Ingredients
Equipment
Method
Prep the pan
- Line a large baking sheet with parchment paper and spread the mini pretzel squares in a single layer with space between each piece so they set evenly.
Melt and coat with white chocolate
- Melt the white chocolate melting wafers in the microwave in 30-second intervals, stirring between each, until completely smooth and glossy with no lumps.
- Spoon or drizzle the melted white chocolate over each pretzel, covering the top but leaving the edges slightly visible for a crisp pretzel edge.
Melt and drizzle the red and blue
- Melt the red candy melts in the microwave in 30-second intervals, stirring between each, until fully melted and smooth like a pourable drizzle.
- Melt the blue candy melts in the microwave in 30-second intervals, stirring between each, until fully melted and smooth like a pourable drizzle.

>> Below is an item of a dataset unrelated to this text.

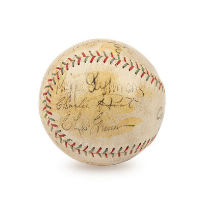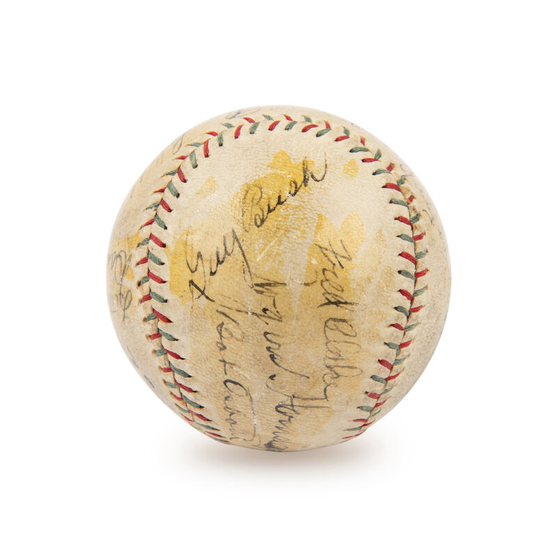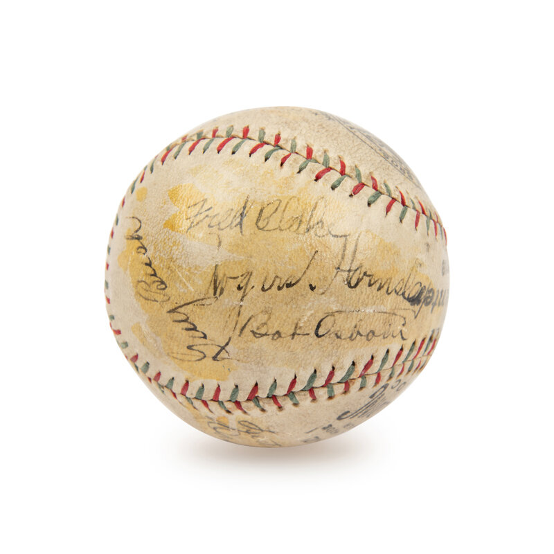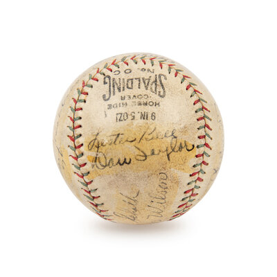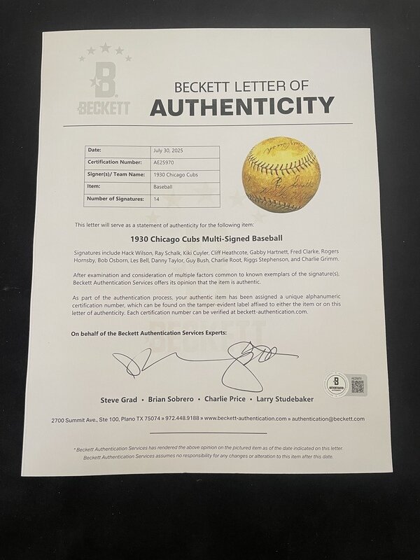 comprising signatures of Hack Wilson, Ray Schalk, Kiki Cuyler, Cliff Heathcote, Gabby Hartnett, Fred Clarke, Rogers Hornsby, Bob Osborn, Les Bell Danny Taylor, Guy Bush, Charlie Root, Riggs Stephenson and Charlie Grimm.

- Drizzle the red and blue melts over the white chocolate-coated pretzels using a spoon or piping bag, creating thin ribbons so the drizzle stays distinct.
Finish and set
- Immediately scatter the red, white, and blue star sprinkles over each piece while the chocolate is still wet so the sprinkles adhere.
- Let the pretzel bites sit at room temperature for 30 minutes until fully set, or refrigerate for 10 minutes for faster firming, then break apart and serve.
Notes
Pro tip: if your white chocolate looks thick, microwave in 10-second bursts and stir until perfectly smooth before coating. Store in an airtight container at room temperature up to 3 days; refrigerate up to 5 days (they can lose snap). Freeze in a single layer for up to 1 month—thaw at room temperature before serving. Dietary swap: use dairy-free white chocolate melting wafers for a dairy-free version with the same drizzle technique.